English Protestant churchman (died 1571)

Thomas Cole (died 1571) was an English Protestant churchman, a Marian exile who became archdeacon of Essex.

==Life==
A native of Lincolnshire, he graduated M.A. at Oxford. He held the mastership of Maidstone School in 1552, but emigrated to Frankfurt on the accession of Queen Mary. There he made the acquaintance of John Knox. He subsequently moved to Geneva.

Having returned to England Cole was presented to the rectory of High Ongar, Essex, in 1559. He was collated to the archdeaconry of Essex in the ensuing year, and subsequently appointed commissary of the archbishop in the archdeaconries of Essex and Colchester.
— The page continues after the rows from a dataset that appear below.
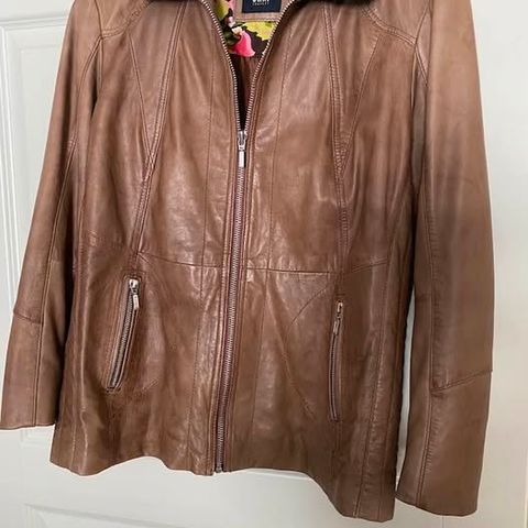 Hyväkuntoinen nahkatalvitakki hupulla .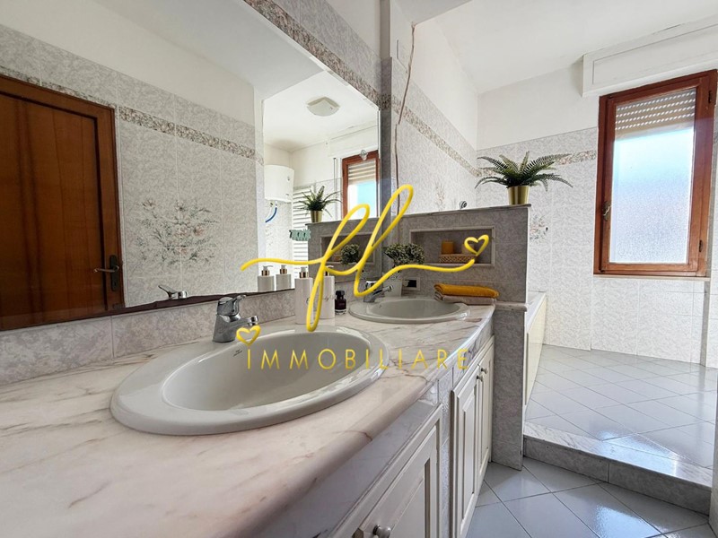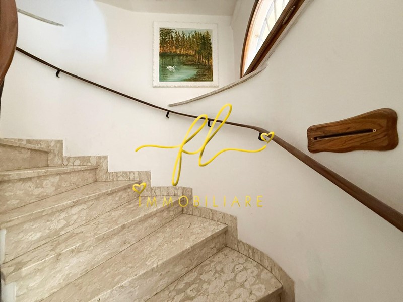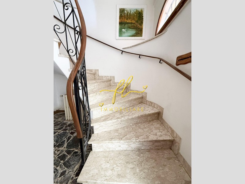 Salendo la splendida scala in marmo, si accede a un ampio salone, impreziosito da un vano a vista perfetto come studio o terza camera.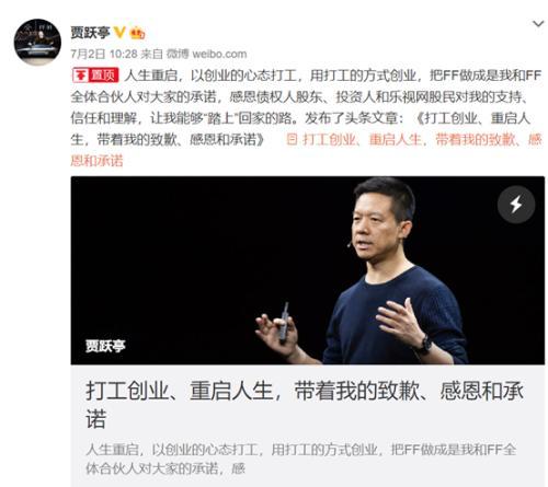 7月2日,贾跃亭发表的微博文章。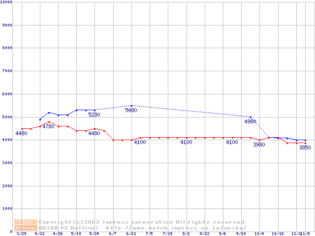 | [↑前グラフ]: | Socket 370 (FC-PGA2,FSB 100MHz,L2 256KB,Tualatin)の最安値推移 |
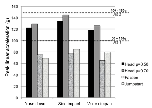 Figures 9 & 10 show the peak linear and angular accelerations observed when both helmets have modified ‘head’ properties. Angular accelerations vary more than their linear components, with the peak level at 19733 rad/s2 for the Bell JumpstartTM, a level that is 3966 rad/s2 higher than the μ = 0.7 head model, with identical contact and frictional properties. Accordingly, an increased effective head diameter does appear to increase angular acceleration levels measured at the head form centre of mass. However, this result also depends on a bicycle helmet having the same impact properties as the human head; a statement which is obviously untrue. The levels of angular acceleration observed for all impacts in Figure 8 are unsurprisingly large, since an applied Reg. 22.05 testing standard is designed for motorcycle helmets. All impacts register above the COST 327, AIS 1-2 level and most reach AIS 3-6.

In 1560 he was also installed in the prebend of Rugmere in St. Paul's Cathedral.

Cole was present at the Convocation of 1563 and subscribed the original Thirty-nine Articles and the petition for discipline presented by the lower house. In 1564 he commenced D.D. at Cambridge, and the same year he was presented to the rectory of Stanford Rivers, Essex. He had a reputation for eloquence and also for a tendency towards nonconformity. He died in 1571. He was buried at St Mary Abchurch 2 July 1571

==Works==
Cole published:

- A sermon preached at Maidstone in Lent, 1553; and also
- A sermon preached before the queen at Windsor in 1564.

He had a hand in the framing of the Genevan form of worship.